Thursday, May 15, 2014
For more than a century, aspirin was used to help safely relieve the symptoms of everything from headaches to stomach cramps. But in households with children, this commonplace medication is a potentially dangerous drug. That’s because the use of aspirin has been linked with Reye’s syndrome — a rare but serious illness that can affect the blood, liver and brain of children and teenagers recovering from a viral infection. Reye’s syndrome is a potentially fatal disease that causes numerous detrimental effects to many organs, especially the brain and liver.
In Reye’s syndrome, the level of ammonia and acidity in the blood typically rises while the level of blood sugar drops. At the same time, the liver may swell and develop fat deposits. Swelling also may occur in the brain and can cause emergencysymptoms such as seizures or convulsions. Reye’s syndrome can eventually lead to a coma and brain death.
The incidence of Reye’s syndrome has declined greatly since a peak in 1980. Many people assume the decline is due to the warnings against children taking aspirin, but that may be only part of the reason.

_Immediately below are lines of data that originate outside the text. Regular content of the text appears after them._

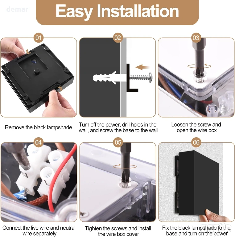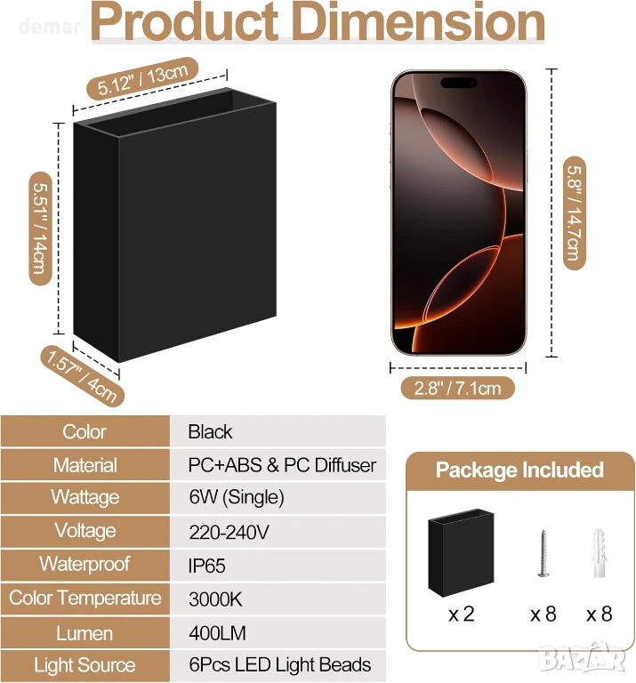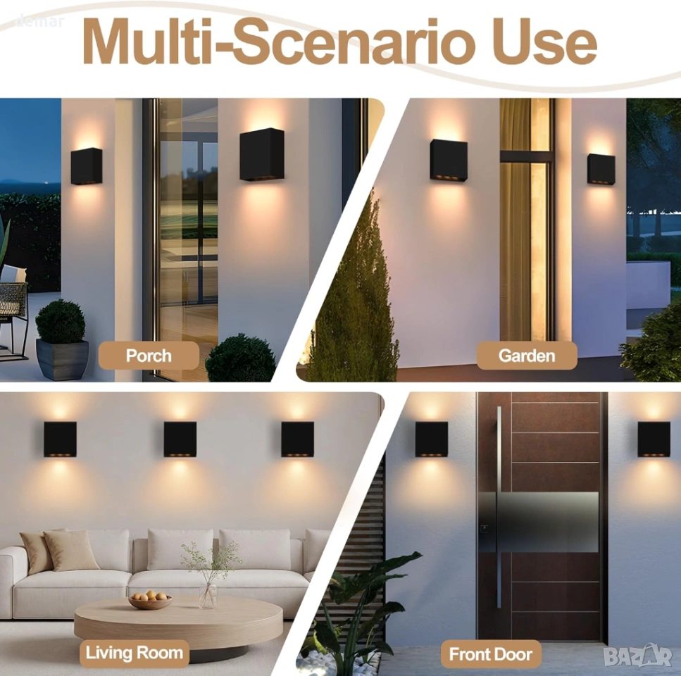 Тези модерни LED стенни лампи се отличават с компактен квадратен дизайн с черно матово покритие, осигурявайки елегантно ветрилообразно топло бяло осветление, насочено нагоре и надолу, което подобрява както вътрешните, така и външните пространства. Те осигуряват меко, комфортно и енергийно ефективно осветление с равномерена, безотблясъчена светлина, докато издръжливата конструкция от PC и ABS с водоустойчива защита IP65 гарантира надеждна работа при всякакви метеорологични условия. Проектирани за стенен монтаж с кабел, те са бързи и лесни за инсталиране с включените аксесоари и са подходящи за широк спектър от декоративни и функционални приложения, като например дневни, спални, стълбища, коридори, веранди, пътеки и дворове.
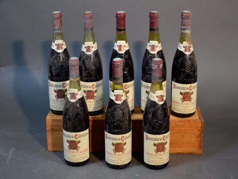 8 B CHATEAUNEUF DU PAPE Rouge (1 à 2,8| 2 à 3| 2 à 3,5| 1 à 3,8 et 1 à 5 cm| quelques marques et accrocs étiquettes| c.s. à c.c.) Domaine de Cabrières 1975
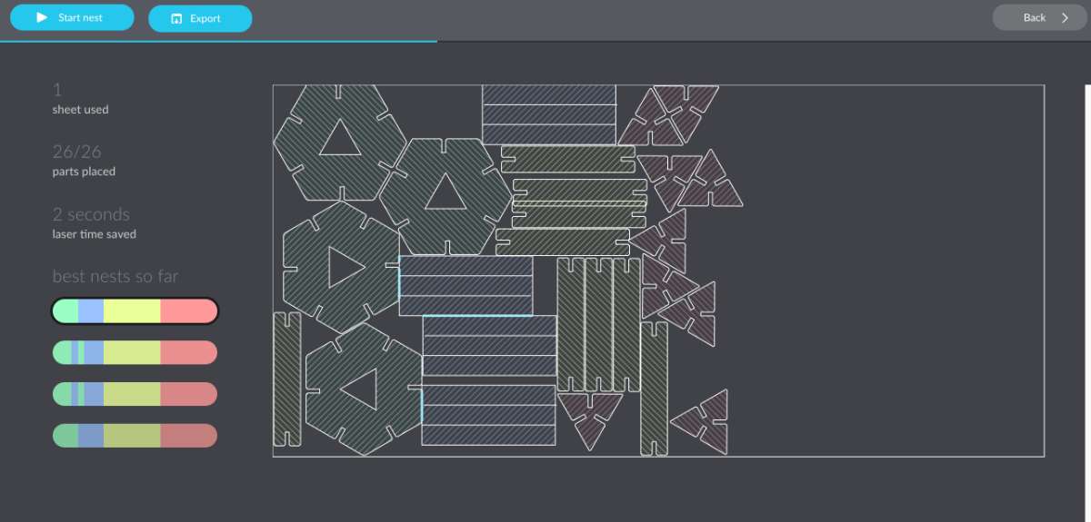 First open the svg file exported from Deepnest in INKSCAPE, make sure that the measurements are what you had in mind.

Better tests can diagnose metabolic conditions formerly thought to be Reye’s syndrome. Today children who develop Reye’s syndrome or conditions once thought to be Reye’s syndrome receive an earlier diagnosis and better treatment, which help improve recovery and reduce complications.
History
The syndrome is named after Dr R. Douglas Reye, who, along with fellow Australians Dr. Graeme Morgan and Dr. Jim Baral, published the first study of the syndrome in 1963 in the British medical journal, The Lancet (2:749-52), though the disease was first diagnosed as a unique illness in 1929. Also in 1963, Dr. George Johnson, along with colleagues, published a study about cases with a remarkably similar profile that his team observed occuring in South Carolina following an influenza B outbreak. Formally, the disorder is known as Reye-Johnson Syndrome, although it is more commonly called Reye’s Syndrome.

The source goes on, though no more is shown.